> _PROBLEM DESCRIPTION_:
Repeat the listing exactly. The images do not belong in the copy.
** Opening DATA EXCERPT block **
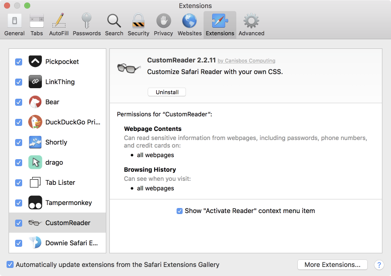 正在心裡徒呼負負時,驀然想起之前曾記錄了幾個我常用的 Safari Extensions(好用的 Safari extensions)。在那個我認為的 Safari Extensions 寶庫網站 ─ Canisbos Safari Extensions 裡,隱約記得似乎有個可調整更多 Safari Reader 設定的 extension?於是馬上找出書籤前去挖寶,果然印象沒錯,真的就有這麼一個 CustomReader extension:
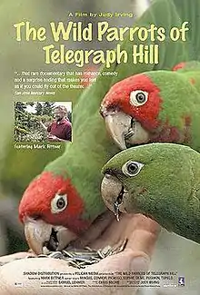 The Wild Parrots of Telegraph Hill is a 2003 documentary film directed, produced, and edited by Judy Irving. It chronicles the relationship between Mark Bittner, an unemployed musician who lives rent-free in a cabin in the Telegraph Hill-neighborhood of San Francisco, and a flock of feral parrots that he feeds and looks after. Bittner also wrote a memoir about his experiences with the parrots, which shares the title of the documentary, but has the added subtitle: A Love Story...with Wings.[1]
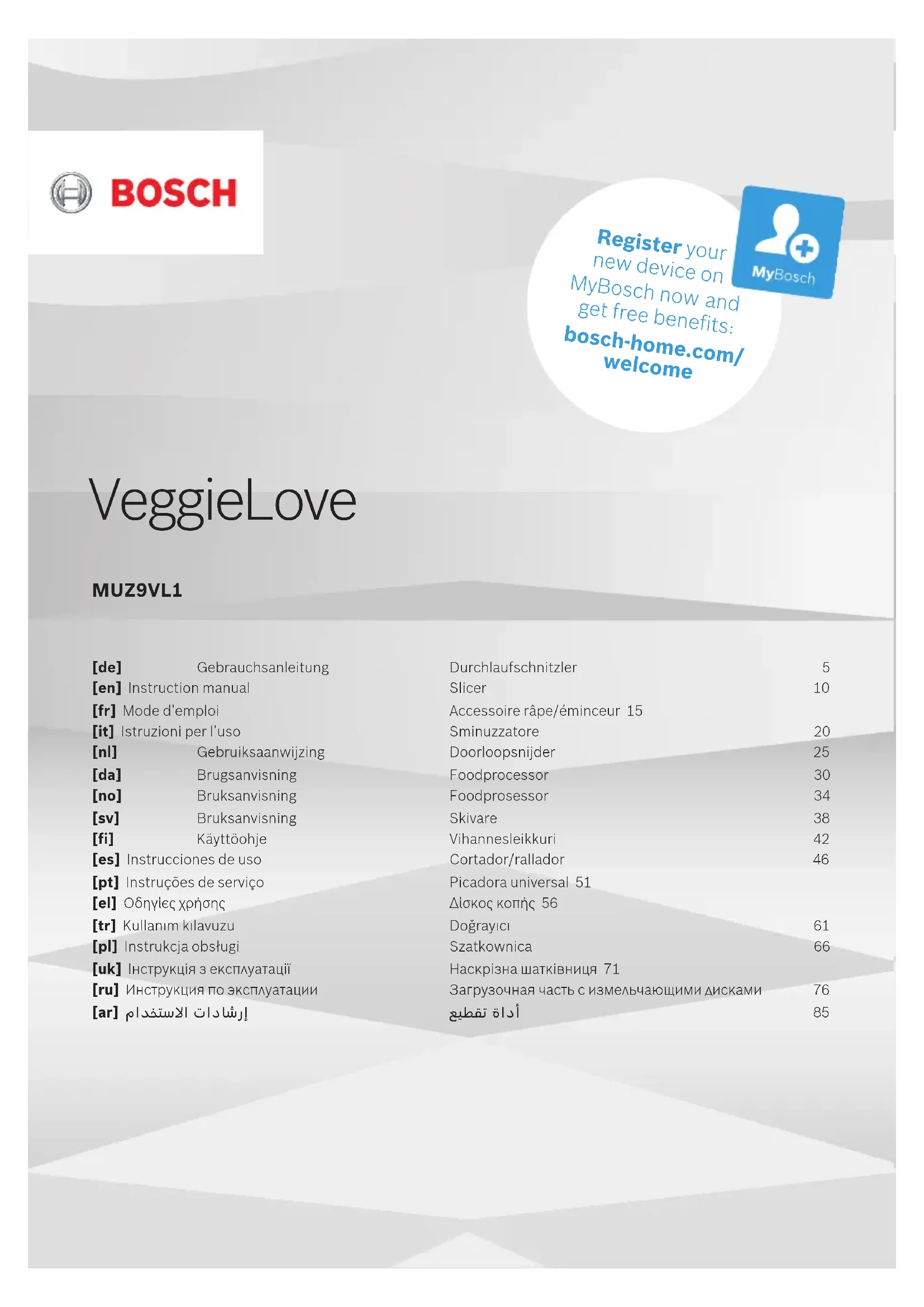 Retrouvez gratuitement la notice de l'appareil MUZ9VL1 BOSCH au format PDF.
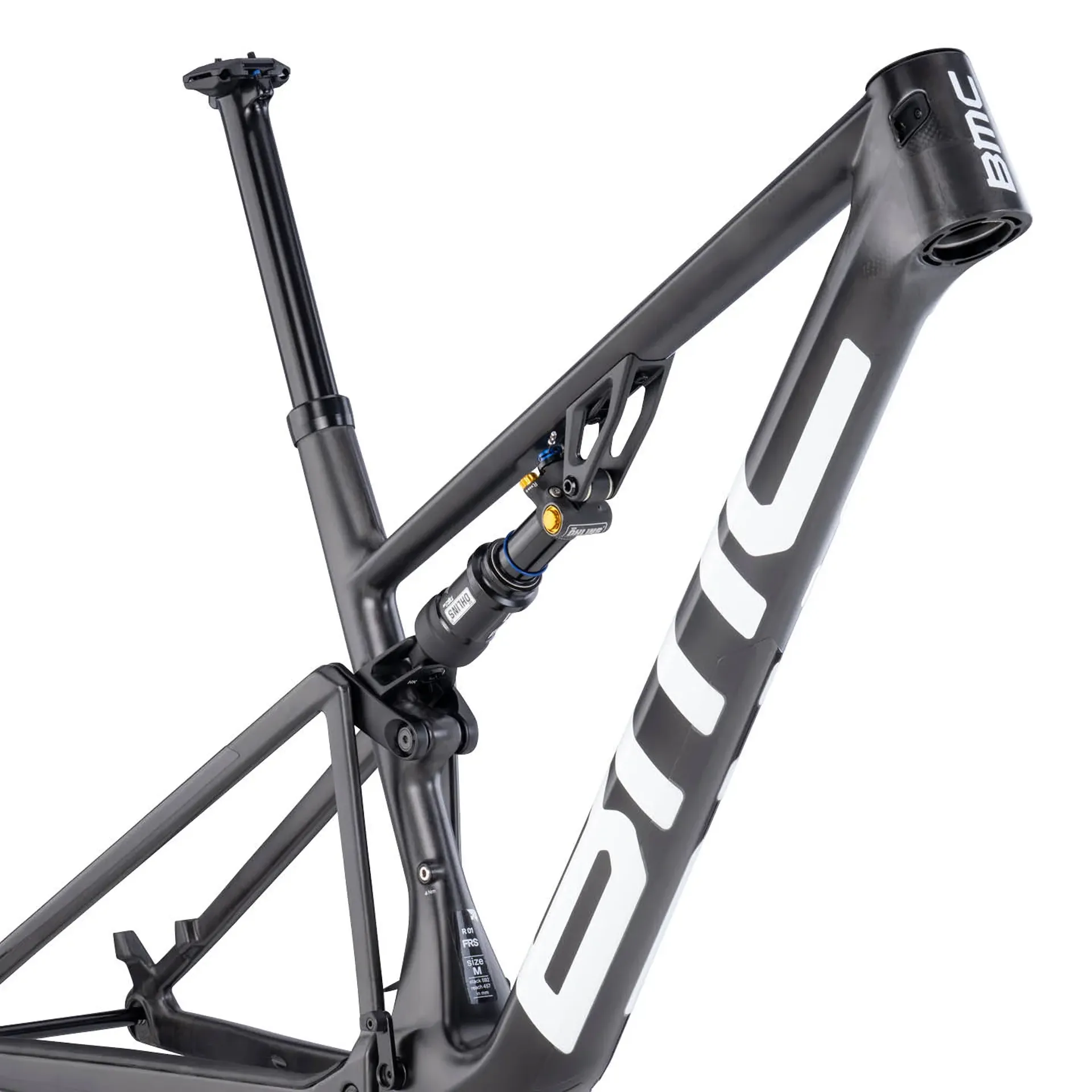 Ready for race day or a full season of competition. The Fourstroke 01 frameset brings together cutting-edge BMC design and uncompromising Impec Lab engineered performance. At its core is BMC’s APS suspension kinematics and the ultra-efficient Autodrop integrated dropper seatpost, delivering efficiency and speed on any terrain. Its Premium Carbon frame is optimized for modern XC racing thanks to a progressive geometry, and its 120mm of front and rear travel. Exclusive to this model, the Variation 0 finish sticks to the essential single layer of PU clear coat, and makes the lightest frameset in our collection. Moreover, it could be the perfect base for your custom paint project. It's now your time to shine bright on the podium and with style.
** Closing DATA EXCERPT block **
> _ANSWER BOX_:
 正在心裡徒呼負負時,驀然想起之前曾記錄了幾個我常用的 Safari Extensions(好用的 Safari extensions)。在那個我認為的 Safari Extensions 寶庫網站 ─ Canisbos Safari Extensions 裡,隱約記得似乎有個可調整更多 Safari Reader 設定的 extension?於是馬上找出書籤前去挖寶,果然印象沒錯,真的就有這麼一個 CustomReader extension:
 The Wild Parrots of Telegraph Hill is a 2003 documentary film directed, produced, and edited by Judy Irving. It chronicles the relationship between Mark Bittner, an unemployed musician who lives rent-free in a cabin in the Telegraph Hill-neighborhood of San Francisco, and a flock of feral parrots that he feeds and looks after. Bittner also wrote a memoir about his experiences with the parrots, which shares the title of the documentary, but has the added subtitle: A Love Story...with Wings.[1]
 Retrouvez gratuitement la notice de l'appareil MUZ9VL1 BOSCH au format PDF.
 Ready for race day or a full season of competition. The Fourstroke 01 frameset brings together cutting-edge BMC design and uncompromising Impec Lab engineered performance. At its core is BMC’s APS suspension kinematics and the ultra-efficient Autodrop integrated dropper seatpost, delivering efficiency and speed on any terrain. Its Premium Carbon frame is optimized for modern XC racing thanks to a progressive geometry, and its 120mm of front and rear travel. Exclusive to this model, the Variation 0 finish sticks to the essential single layer of PU clear coat, and makes the lightest frameset in our collection. Moreover, it could be the perfect base for your custom paint project. It's now your time to shine bright on the podium and with style.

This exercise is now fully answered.